Could you print the stretch of lines below from the one with "Оправа из жёлтого" through the one with "- Women >Jeans", exactly as they stand and without any pictures?

── Records for processing ──

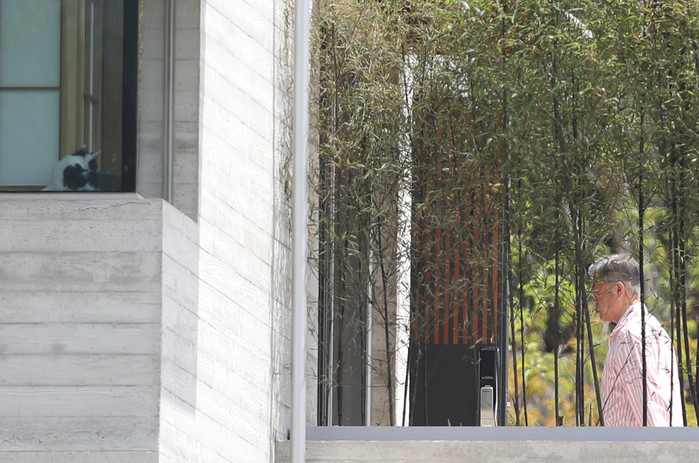 ▲ 문재인 전 대통령이 귀향 이튿날인 11일 오전 경남 양산시 하북면 평산마을 사저에서 이동하고 있다. 사진 왼쪽 사저 유리창에 고양이 한 마리가 앉아 있다. 2022.5.11
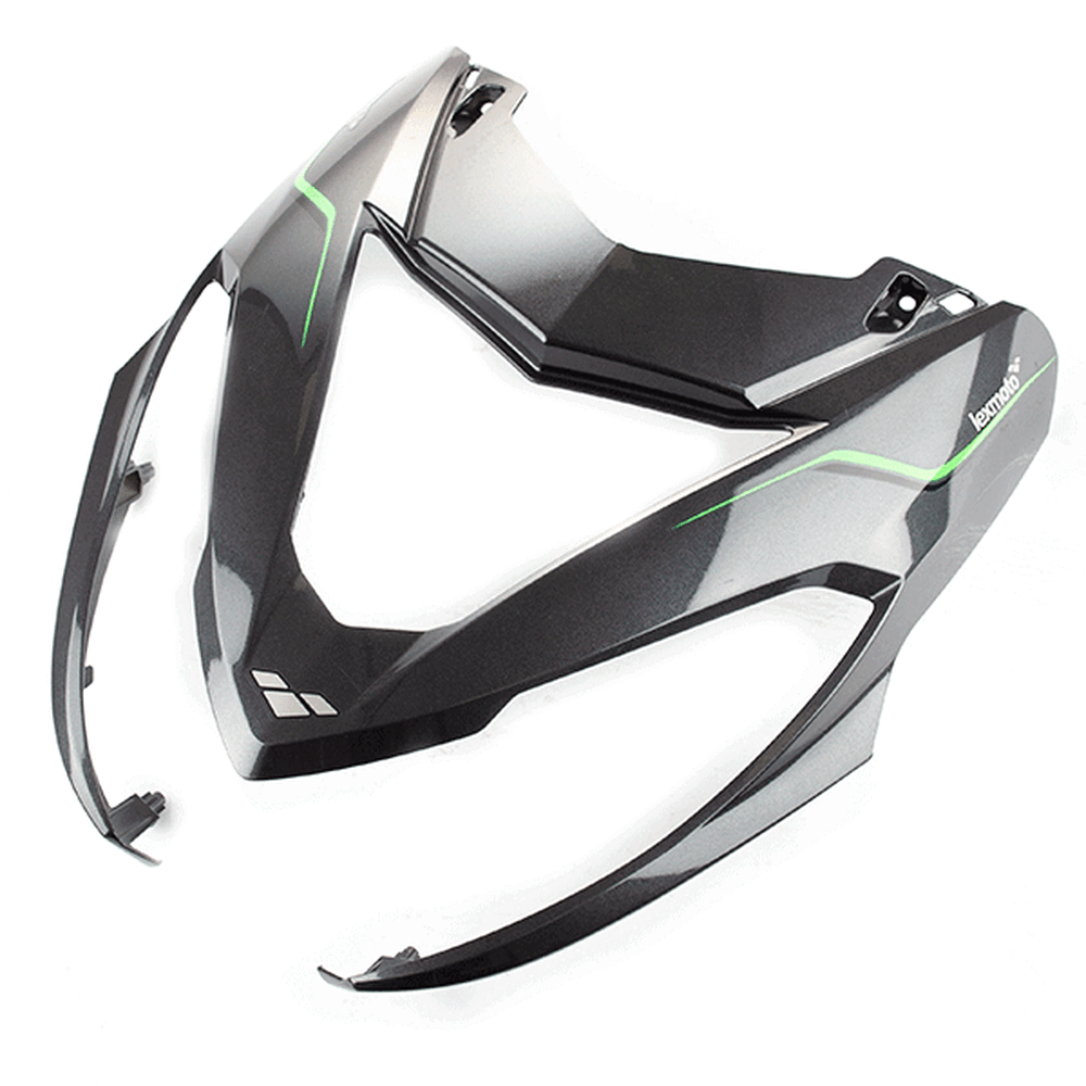 The front panel on a motorcycle is a key component located at the front of the bike, often integrating with the headlight and fairing. It serves to improve aerodynamics, protect the motorcycle’s internal components from debris and weather, and contribute to the bike’s visual appeal with a polished, cohesive look.
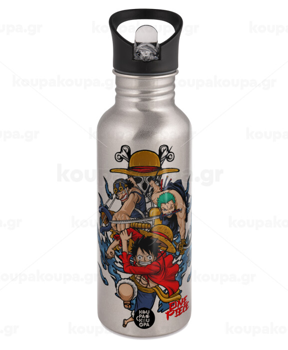 One Piece, Water bottle Silver with straw, stainless steel 600ml
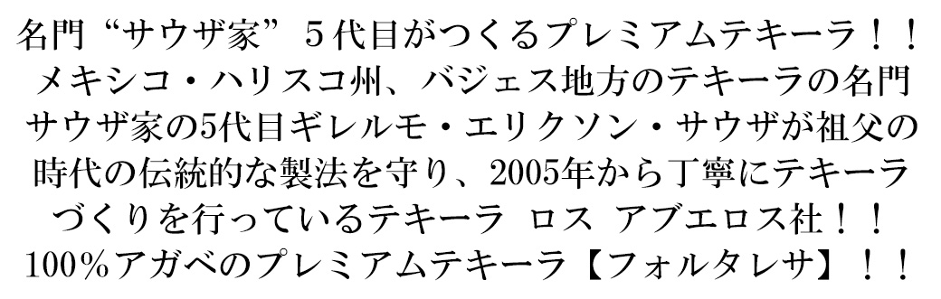 【テキーラ ロス アブエロス社:フォルタレサ蒸溜所は、元々サウザ家が所有していた3つの蒸溜所のうちの1つで、1968年に閉鎖。サウザ家5代目のギレルモは、1999年にこの蒸溜所の再建に踏み切り、2005年に100%アガベのプレミアムテキーラ「フォルタレサ」をリリース。時間が短縮できる近代的な製法ではなく、100年以上もの間、受け継がれてきた伝統的で手間の掛かる製法でつくられた「フォルタレサ」は、今や世界中から注目の集まるプレミアムテキーラとなり、世界106のバーが選ぶドリンクス・インターナショナルの「ANNUAL BRANDS REPORT2018」では、テキーラ部門でTOP10に選ばれています。
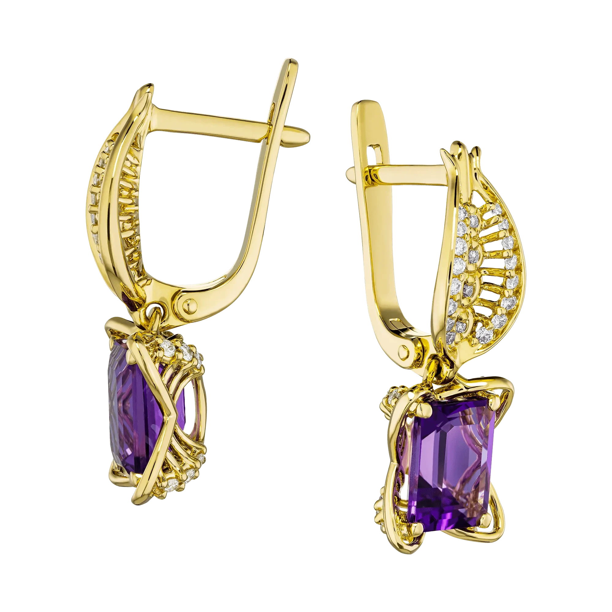 Оправа из жёлтого золота формирует изящный силуэт серёг и поддерживает центральные камни тёплым сиянием. Россыпь бриллиантов в верхней части добавляет мерцание и усиливает световой ритм композиции. Серьги воспринимаются как символ направления и ясности — украшение, которое тонко подчёркивает образ и становится частью личного пути.
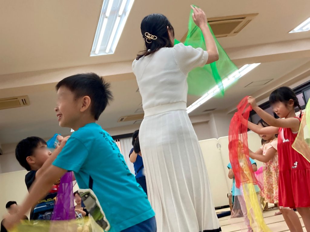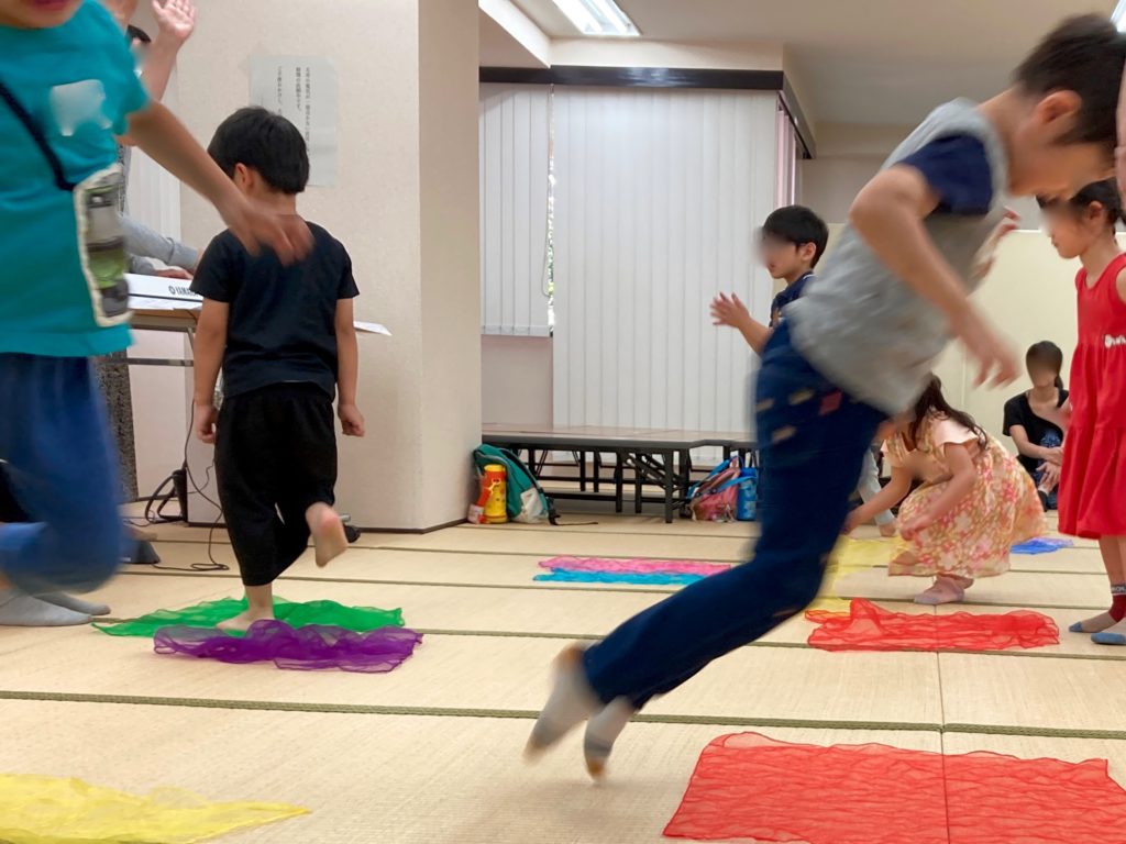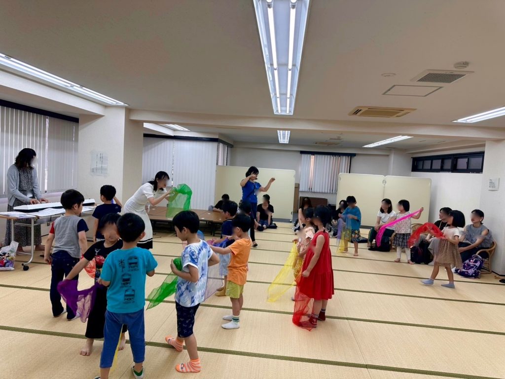 音を聞き分けて体を動かすリトミックでは、動物を表現したり、リズムに合わせてカラー布を揺らしたりしました。
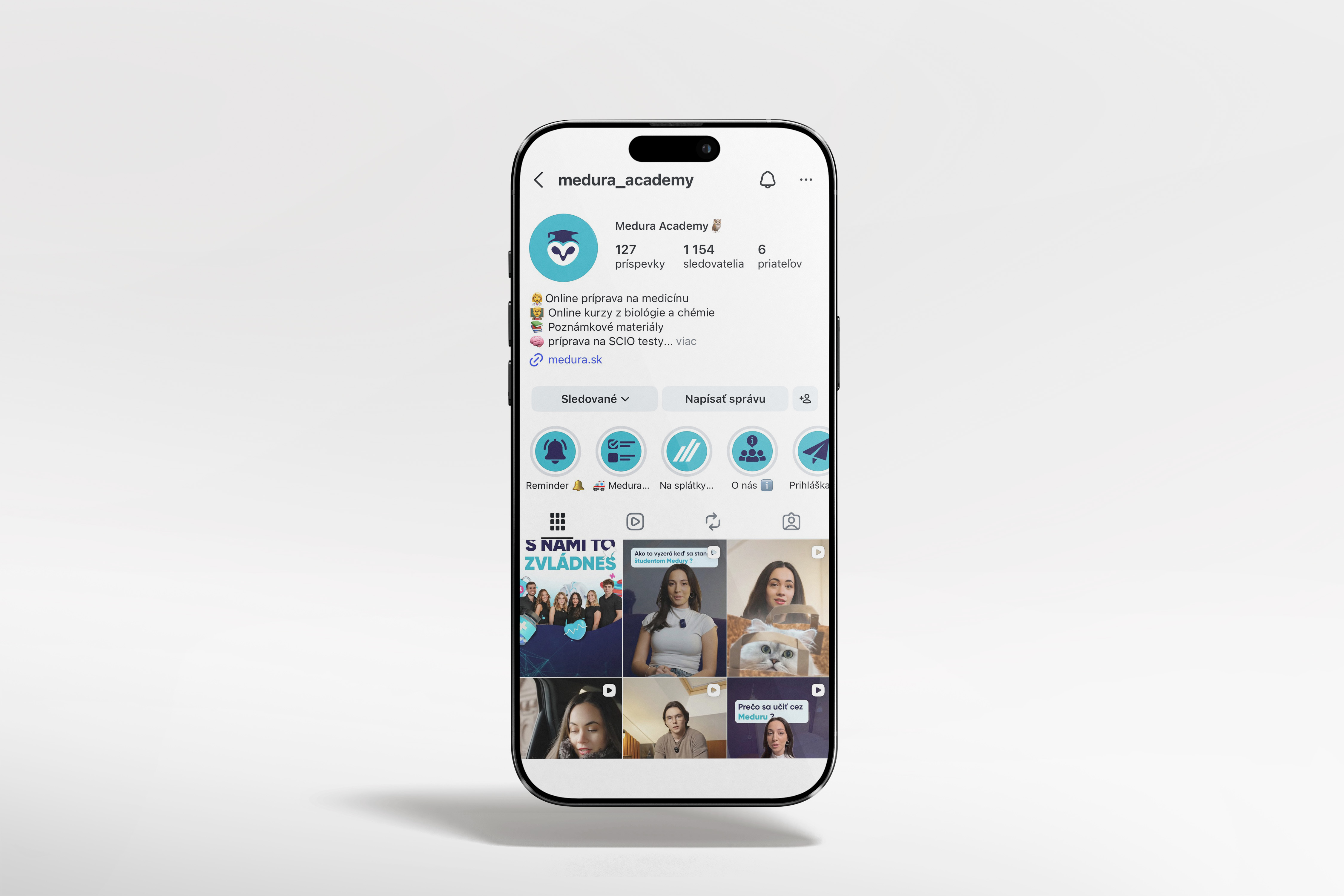Pre Medura Academy sme realizovali komplexný digitálny projekt, ktorý zahŕňal vývoj profesionálneho webu, tvorbu kompletného online kurzu a pravidelnú produkciu video obsahu. Súčasťou spolupráce sú aj reklamné kampane na Meta Ads a Google Ads, vďaka ktorým si kurz zakúpilo 50+ študentov. Od nuly sme vybudovali Instagram profil, ktorý dnes aktívne sleduje viac ako 1 100 sledovateľov — a čísla stále rastú.
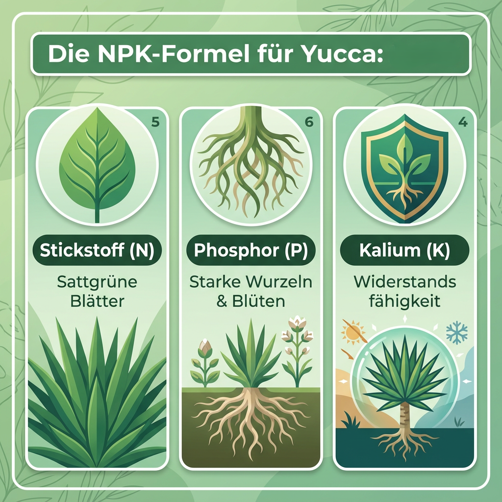 Ein guter Dünger liefert die drei Hauptnährstoffe Stickstoff (N), Phosphor (P) und Kalium (K) in einem ausgewogenen Verhältnis. Für Yucca-Pflanzen hat sich eine leicht phosphorbetonte Formel als ideal erwiesen.
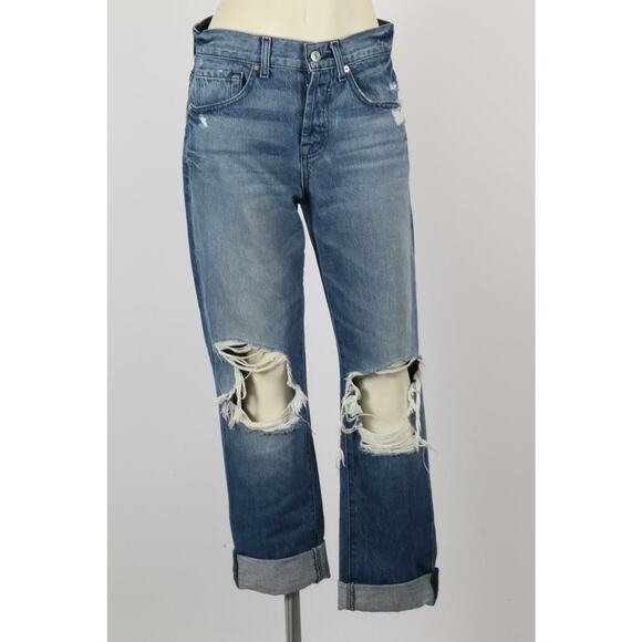 - Women >Jeans >Straight Leg > 7 FOR ALL MANKIND Blue Denim Ripped Distressed Straight Leg Jeans Pants Size 26
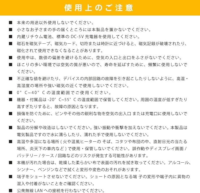 【USB充電式&設定不要】<温度測定範囲>-10~60℃( 2℃) <湿度測定範囲>5%~99%RH( 5%RH) <待機時間>約9時間<入力充電>DC5V <サイズ>93*72*42mm
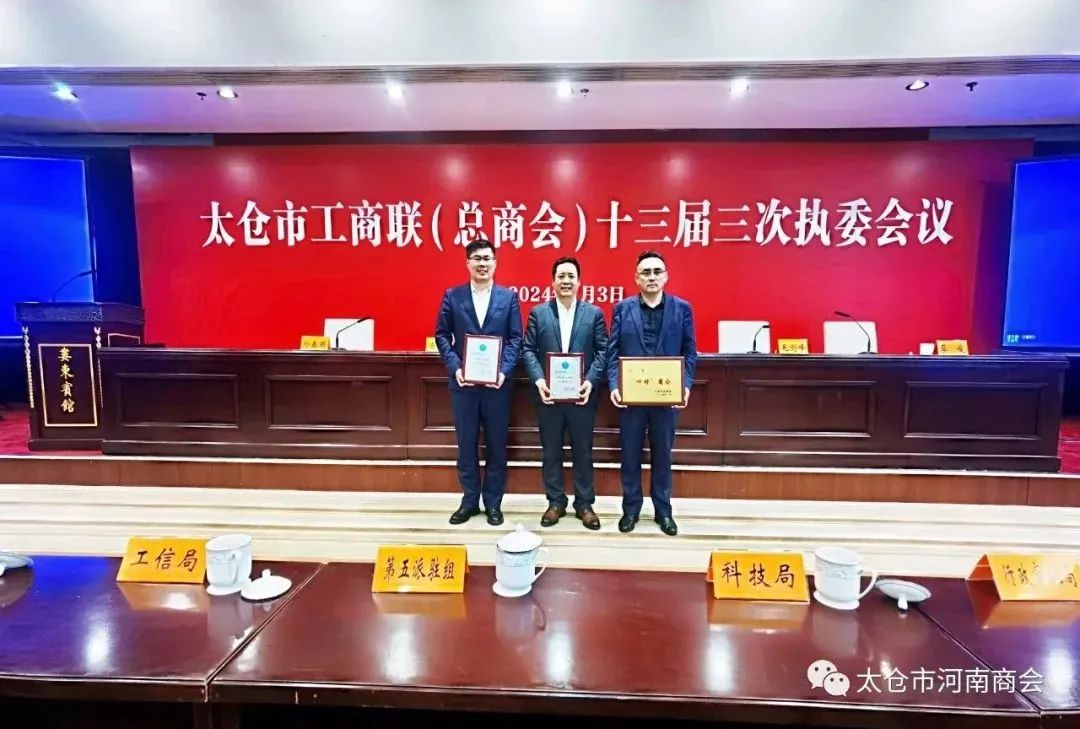 2024年1月3日,太仓市工商联(总商会)召开十三届三次执委会议。会上,太仓市河南商会被太仓市工商联(总商会)认定为2023年度太仓市“四好”商会(有效期5年),商会会长于万祥被评选为2023年度“优秀会长”,商会秘书长张豪奇被评选为2023年度“优秀秘书长”。

───

## [Solution to the problem]
 Оправа из жёлтого золота формирует изящный силуэт серёг и поддерживает центральные камни тёплым сиянием. Россыпь бриллиантов в верхней части добавляет мерцание и усиливает световой ритм композиции. Серьги воспринимаются как символ направления и ясности — украшение, которое тонко подчёркивает образ и становится частью личного пути.
 音を聞き分けて体を動かすリトミックでは、動物を表現したり、リズムに合わせてカラー布を揺らしたりしました。
Pre Medura Academy sme realizovali komplexný digitálny projekt, ktorý zahŕňal vývoj profesionálneho webu, tvorbu kompletného online kurzu a pravidelnú produkciu video obsahu. Súčasťou spolupráce sú aj reklamné kampane na Meta Ads a Google Ads, vďaka ktorým si kurz zakúpilo 50+ študentov. Od nuly sme vybudovali Instagram profil, ktorý dnes aktívne sleduje viac ako 1 100 sledovateľov — a čísla stále rastú.
 Ein guter Dünger liefert die drei Hauptnährstoffe Stickstoff (N), Phosphor (P) und Kalium (K) in einem ausgewogenen Verhältnis. Für Yucca-Pflanzen hat sich eine leicht phosphorbetonte Formel als ideal erwiesen.
 - Women >Jeans >Straight Leg > 7 FOR ALL MANKIND Blue Denim Ripped Distressed Straight Leg Jeans Pants Size 26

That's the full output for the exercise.